修正された固定プロトコルは、トンネリングナノチューブを無傷に保つのに役立ちます。手順を実演するのは、サンギータNAFの研究室の博士課程の学生であるディーパックKVです。まず、コントロールおよびオリゴマーA-β処理細胞をPBSで2分間2回洗浄してから固定します。
pH 7.2の0.1モルリン酸緩衝液に溶解した2%ホルマリン固定液と2.5%グルタルアルデヒドを使用して、カルノフスキーの固定液を調製します。次に、カルノフスキーの固定液を室温で45分間加えて、イメージングディッシュ内の細胞を固定します。0.1グラムのサポニンを5ミリリットルのFBSに溶解し、95ミリリットルのPBSを加えて希釈してインキュベーションバッファーを調製します。
その後、固定した細胞をインキュベーションバッファーを用いて2分間2回洗浄する。固定後、ホスホ-PAK1に対する最初の抗体を加え、インキュベーションバッファーに1〜250の希釈を加え、暗くて湿ったチャンバーで摂氏4度で一晩インキュベートします。24時間のインキュベーションの翌日、細胞をインキュベーションバッファーで2分間2回洗浄する。

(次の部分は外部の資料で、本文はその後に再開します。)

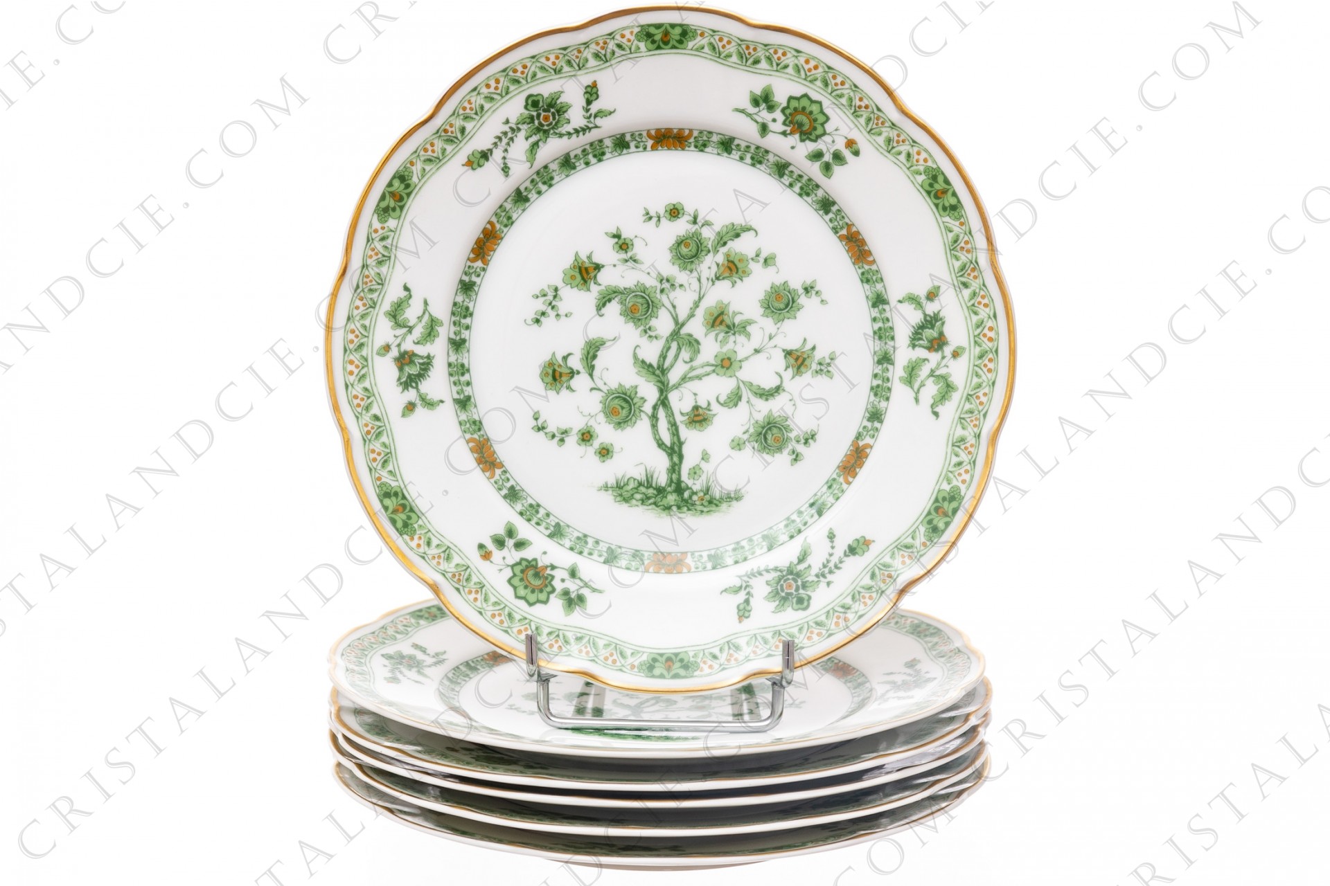 Set of six dessert plates in Limoges china by Haviland pattern Arbre vert shape Lutece decorated with a green and brown flowered tree in the middle, with vegetables friezes and with a gold border.

次に、Alexa Fluor 488およびファロイジン555に結合した二次抗体を追加します。細胞を暗くて湿ったチャンバー内で室温で1.5時間インキュベートします。インキュベーション後、細胞をインキュベーションバッファーで2分間2回洗浄する。
DAPIを1〜2000倍に希釈して核を染色し、暗所で室温で5〜10分間インキュベートします。90%グリセロールと10%PBS中の25ミリグラムのDABCOを使用してDABCO封入剤を準備します。適切に溶解するには、分光光度グレードの希塩酸を使用してpHを8.6に調整し、溶液をロッカーに置いて混合します。

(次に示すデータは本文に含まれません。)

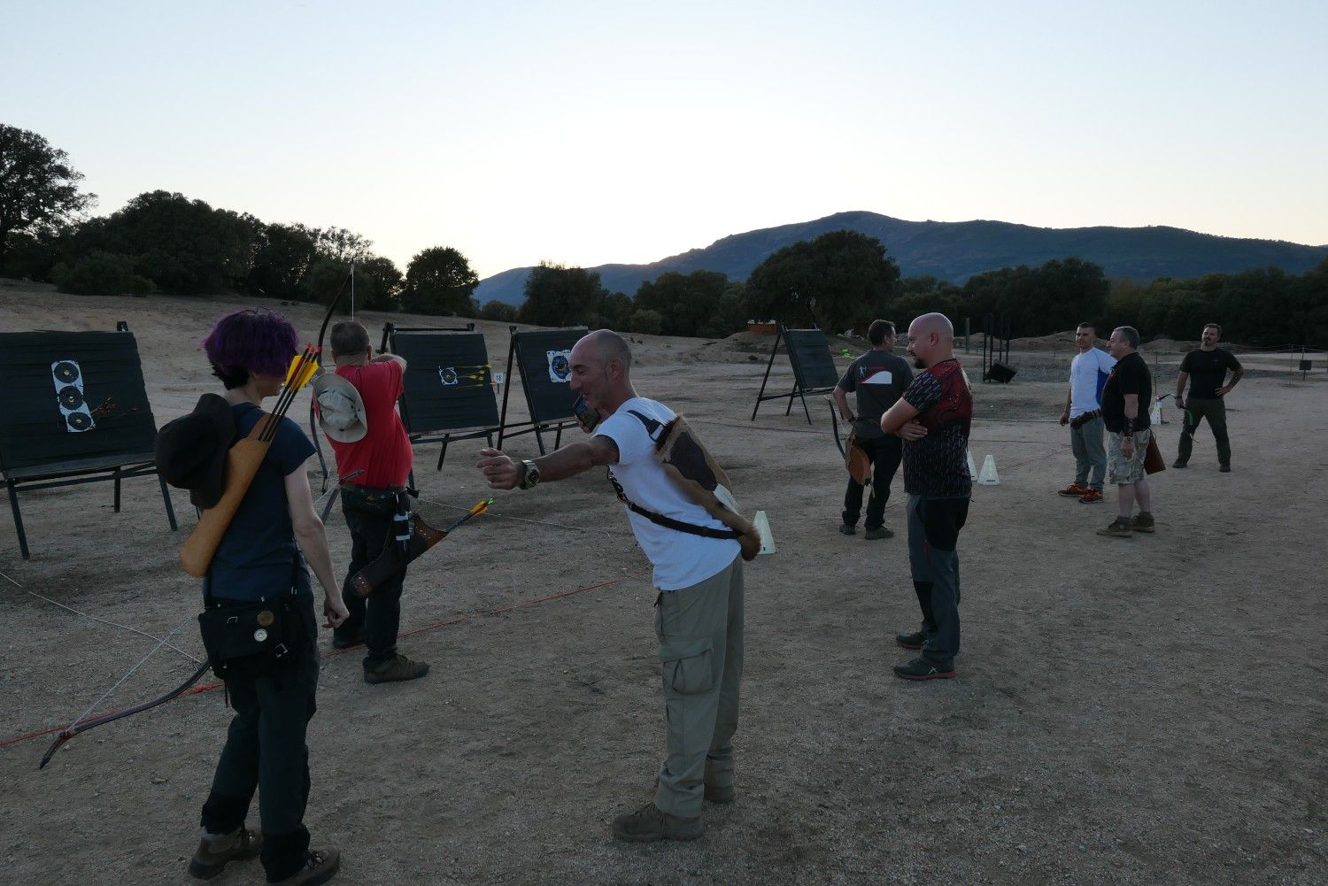 Nos volvimos a colocar por parejas para poder analizar lo que hacía la otra persona además de tener a Fer revoloteando por entre nosotros y comenzamos a tirar ya en serio. Lo hacíamos de la siguiente manera. Fer nos indicaba dos o tres aspectos claves de la técnica (posición de piernas, tronco y un agarre de arco, por ejemplo) y probábamos a ver qué tal. Tras cada tanda, asimilábamos lo que habíamos experimentado y entonces Fer nos modificaba algún aspecto (o dos). Así, fuimos recorriendo casi sin darnos cuenta no pocas combinaciones de toda la casuística disponible y aunque llevábamos arcos muy diferentes, todos aplicábamos las mismas técnicas n'importe quoi.

漂白防止剤として、DABCO封入剤を、底部にカバースリップを含むイメージングディッシュに直接追加します。少なくとも1〜2時間待ってから、共焦点イメージングの実行に直接進みます。トンネルナノチューブを特定するには、共焦点レーザー走査型顕微鏡を使用して免疫染色細胞のZスタック画像をキャプチャし、最初にチャネルを選択し、共焦点ソフトウェアのウィンドウトラック1、トラック2、トラック3で必要なレーザーを順番にクリックします。

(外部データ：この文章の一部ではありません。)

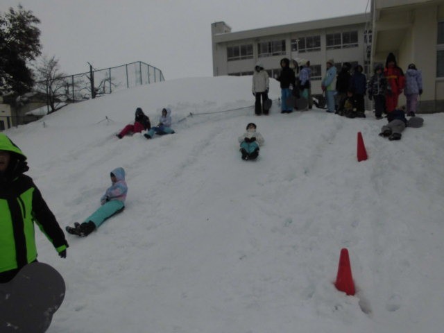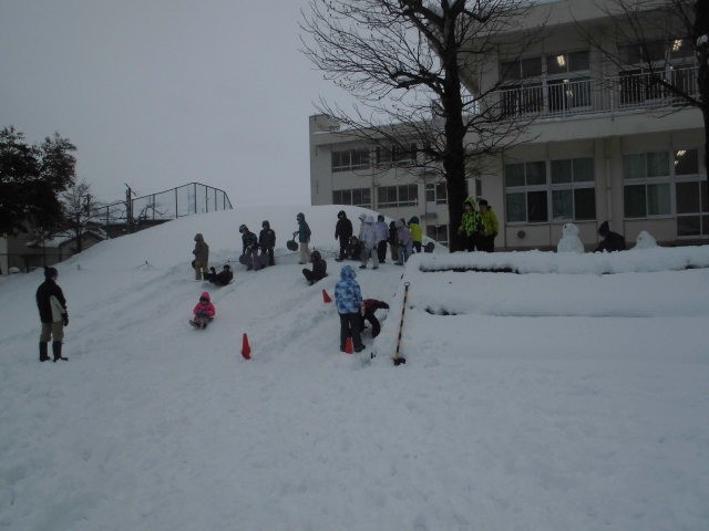 4年生も雪遊びをしました。クラスごとにローテーションをして、坂でそり滑り、リレー、バケツをめがけて雪投げなどに協力して取り組みました。

トラック1ウィンドウの下にあるオプションTPMTをクリックして、蛍光チャンネルを含む微分干渉コントラスト画像を撮影します。ソフトウェアの[取得]タブを選択し、[Zスタック]タブをクリックして、ウィンドウが開くのを待ちます。次に、をクリックします ライブスキャン 皿の下部にあるセルに焦点を合わせます。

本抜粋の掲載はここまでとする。